The contact interaction domain, contact properties, and surface attributes are specified independently for general contact, offering a more flexible way to add detail incrementally to a model. The simple interface for specifying general contact allows for a highly automated contact definition; however, it is also possible to define contact with the general contact interface to mimic traditional contact pairs. Conversely, specifying self-contact of a surface spanning multiple bodies with the contact pair user interface (if the surface-to-surface formulation is used) mimics the highly automated approach often used for general contact.

In Abaqus/Standard traditional pairwise specifications of contact interactions may result in more efficient analyses as compared to an all-inclusive self-contact approach to defining contact. Therefore, there is often a trade-off between ease of defining contact and analysis performance. Abaqus/CAE provides a contact detection tool that greatly simplifies the process of creating traditional contact pairs for Abaqus/Standard (see Understanding contact and constraint detection).

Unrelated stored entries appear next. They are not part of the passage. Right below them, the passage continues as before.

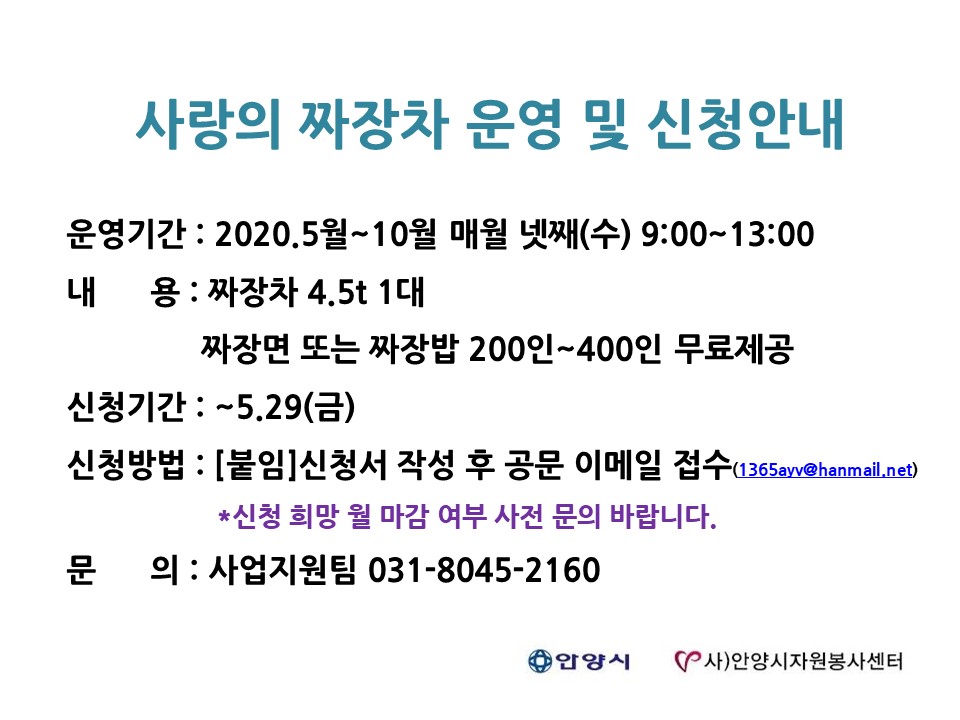 사랑의 짜장차 운영 및 신청안내(~5.29)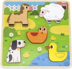 VIGA koristi kvalitetno drvo i glatke površine za sigurnu igru. Debeli dijelovi dobro leže u ruci, stoga su savršeni za male dječje ruke. Puzzle potiče samostalnost, koncentraciju i kreativnu igru.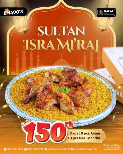 MOMSMONEY.ID - Menyambut libur Isra Miraj, Emado’s menghadirkan promo Sultan Isra Miraj yang pas untuk menemani momen kebersamaan dengan keluarga. Anda bisa mendapatkan 8 ayam dan 10 porsi nasi mandhi dengan harga spesial.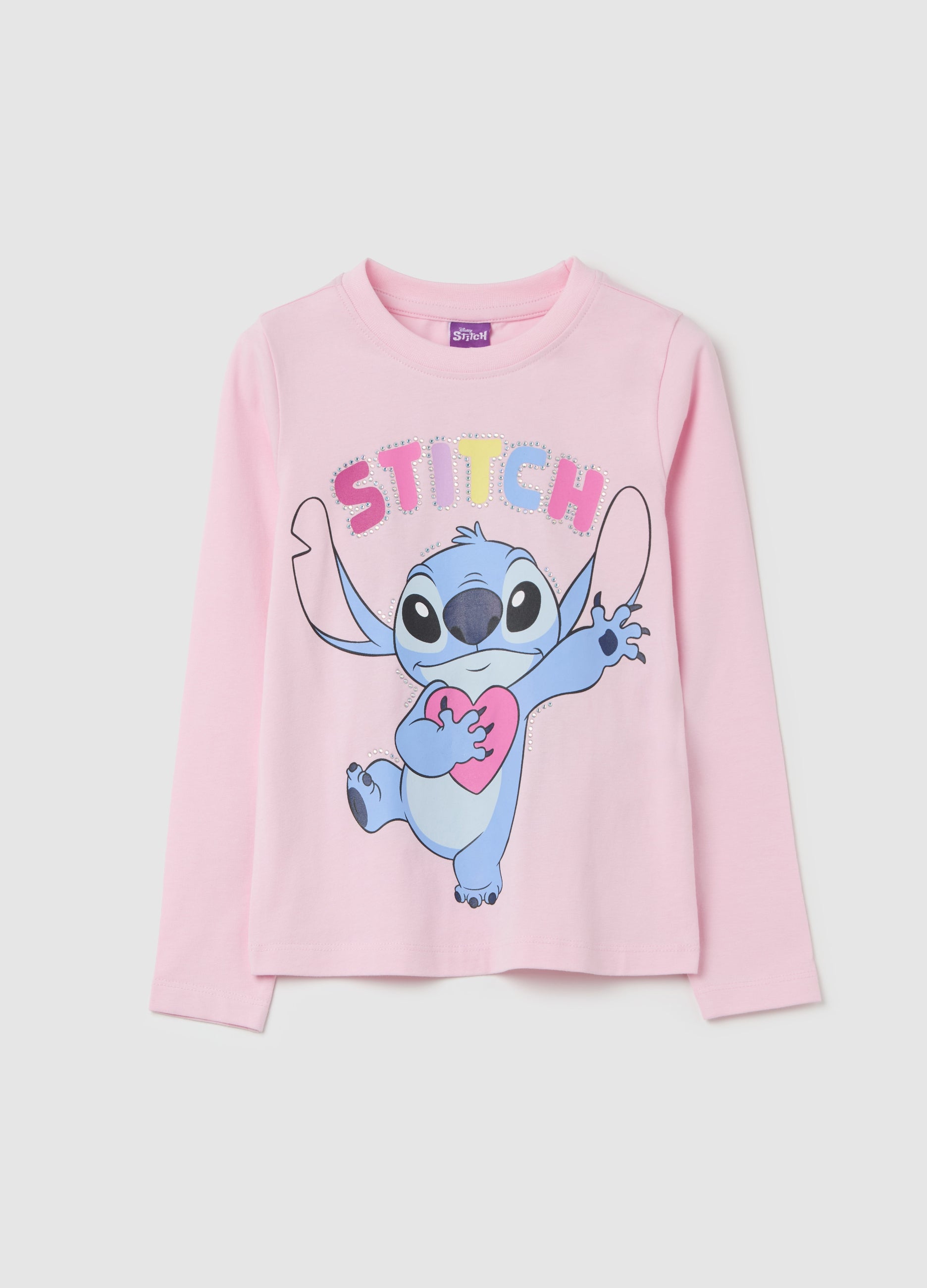Long-sleeved t-shirt in stretch cotton. Round neck. Disney stitch print with diamantã©s on the front.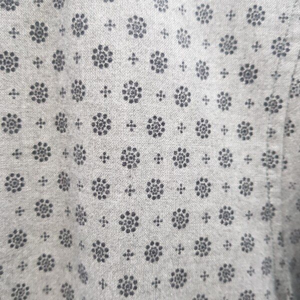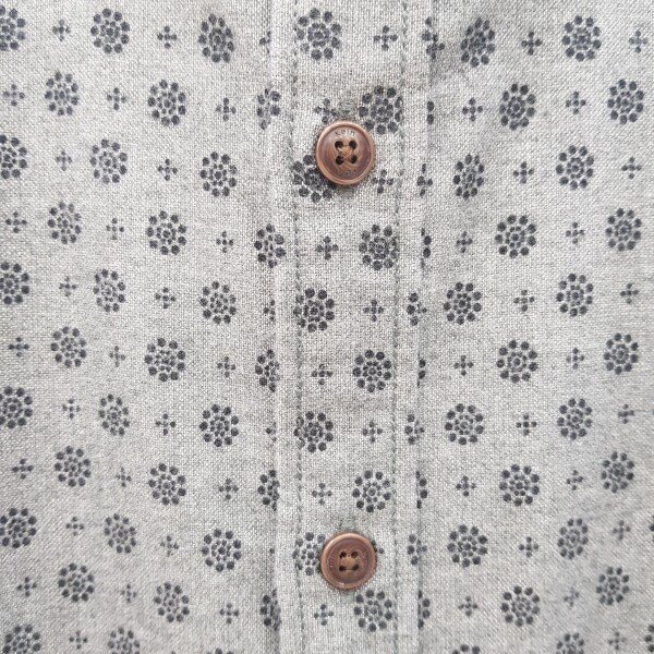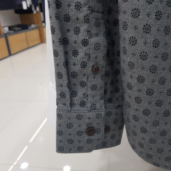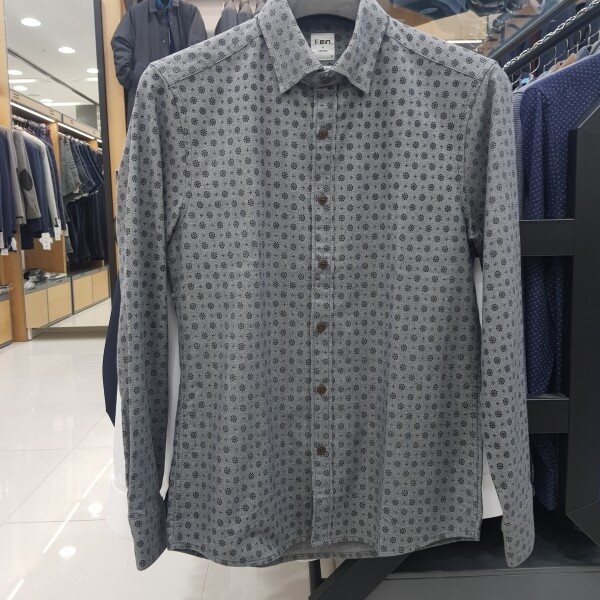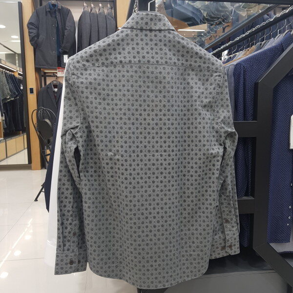 면소재 기본캐주얼셔츠로 그레이컬러에 블랙의프린트가 멋스러워보이며 레이어드하기 좋음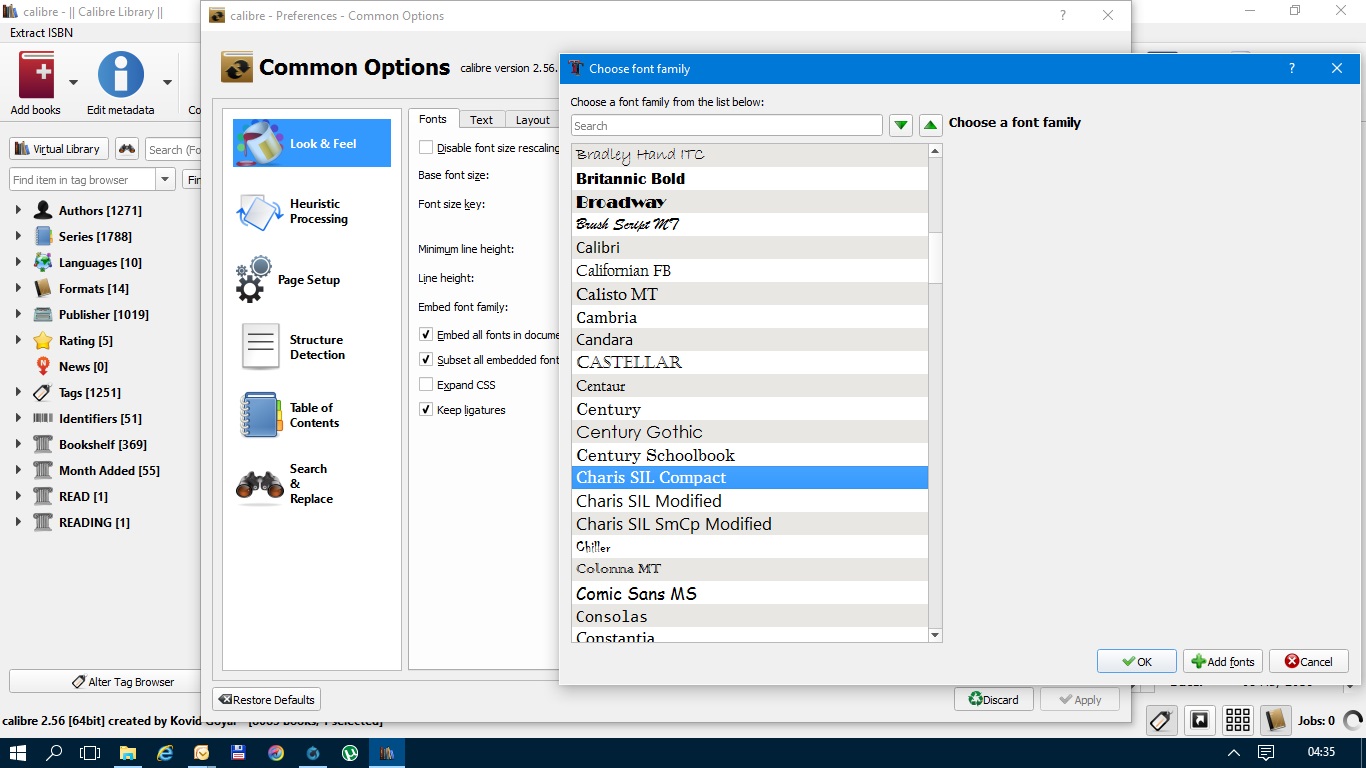 Remove from Calibre list of AVAILABLE "Embed Font Family"
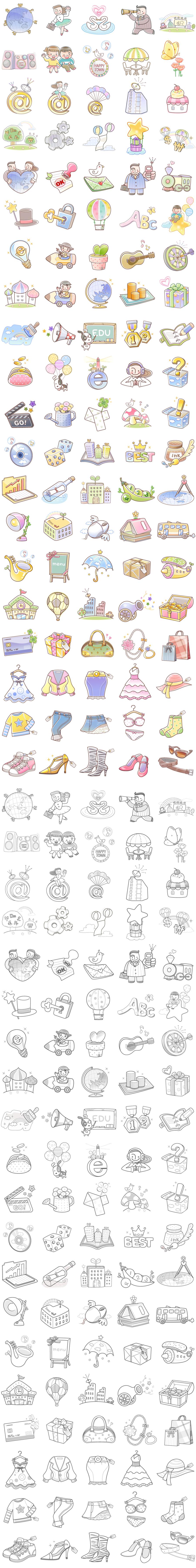 小人 铅笔甜甜圈 路牌 时钟 相框 相机 雷达 电视台 礼物盒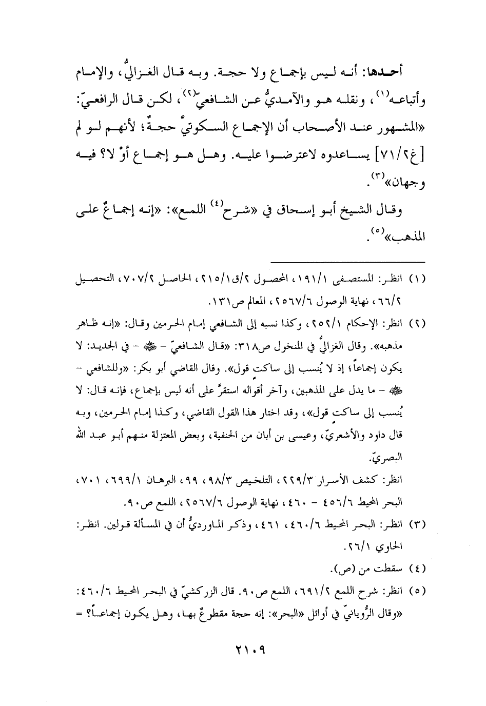 (¬٥) انظر: شرح اللمع ٢/ ٦٩١، اللمع ص ٩٠. قال الزركشيّ في البحر المحيط ٦/ ٤٦٠: "وقال الرُّويانيّ في أوائل "البحر": إنه حجة مقطوعٌ بها، وهل يكون إجماعًا؟ =
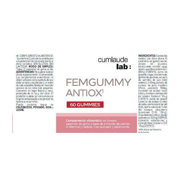 Contenidos medios por dosis diaria (2 caramelos de goma): azúcar, jarabe de glucosa, edulcorante: eritritol, agua, ácido L-ascórbico (vitamina C: 80mg [100%*]), zumo de grosella negra concentrado, gelificante: pectinas, extracto de semillas de uva (Vitis vinifera L.): 65mg, extracto de corteza de pino marítimo (Pinus pinaster): 50mg, corrector de acidez: ácido cítrico, levadura enriquecida en selenio (selenio: 55μg [100%*]), aceite de girasol, corrector de acidez: citratos de sodio, aroma natural de tutti frutti, aroma natural de frutas del bosque, ubiquinona (coenzima Q10: 10mg), D-pantotenato cálcico (ácido pantoténico: 6,0mg [100%*]), colorante: antocianinas y colecalciferol (vitamina D3: 10μg [200%*]). VRN: Valores de Referencia de Nutrientes.

Contact formulation: By default, general contact uses the finite-sliding, surface-to-surface formulation supplemented by the finite-sliding, edge-to-surface; finite-sliding, edge-to-edge; and finite-sliding, vertex-to-surface formulations. For crack surfaces on enriched elements, edges and vertices are deactivated. In addition, you can specify the small-sliding tracking approach over portions of the general contact domain. Edges and vertices are deactivated over regions where small sliding is active. Contact pairs use the finite-sliding, node-to-surface formulation by default except when the contact detection tool in Abaqus/CAE is used to create the contact pairs, in which case the finite-sliding, surface-to-surface formulation is used by default. See Contact formulations in Abaqus/Standard for a discussion of contact formulations.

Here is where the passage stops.